■ **Supplied data**:
————————

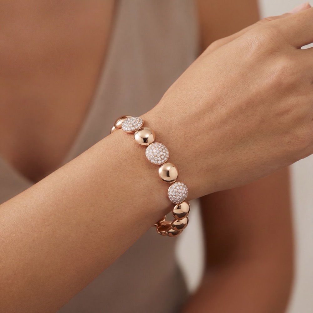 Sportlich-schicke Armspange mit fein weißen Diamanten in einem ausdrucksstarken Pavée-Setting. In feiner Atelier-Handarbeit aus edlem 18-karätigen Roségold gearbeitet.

————————

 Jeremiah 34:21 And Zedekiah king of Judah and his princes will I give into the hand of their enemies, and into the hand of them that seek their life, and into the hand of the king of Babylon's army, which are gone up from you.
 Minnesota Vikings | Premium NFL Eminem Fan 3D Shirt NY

————————

■ **Exercise objective**: Within the listing above, locate the line containing "Jeremiah 34:21 And" and the line containing "Minnesota Vikings |". Reproduce those two lines and all lines between them exactly, with nothing added.

■ **Exercise answer**:
 Jeremiah 34:21 And Zedekiah king of Judah and his princes will I give into the hand of their enemies, and into the hand of them that seek their life, and into the hand of the king of Babylon's army, which are gone up from you.
 Minnesota Vikings | Premium NFL Eminem Fan 3D Shirt NY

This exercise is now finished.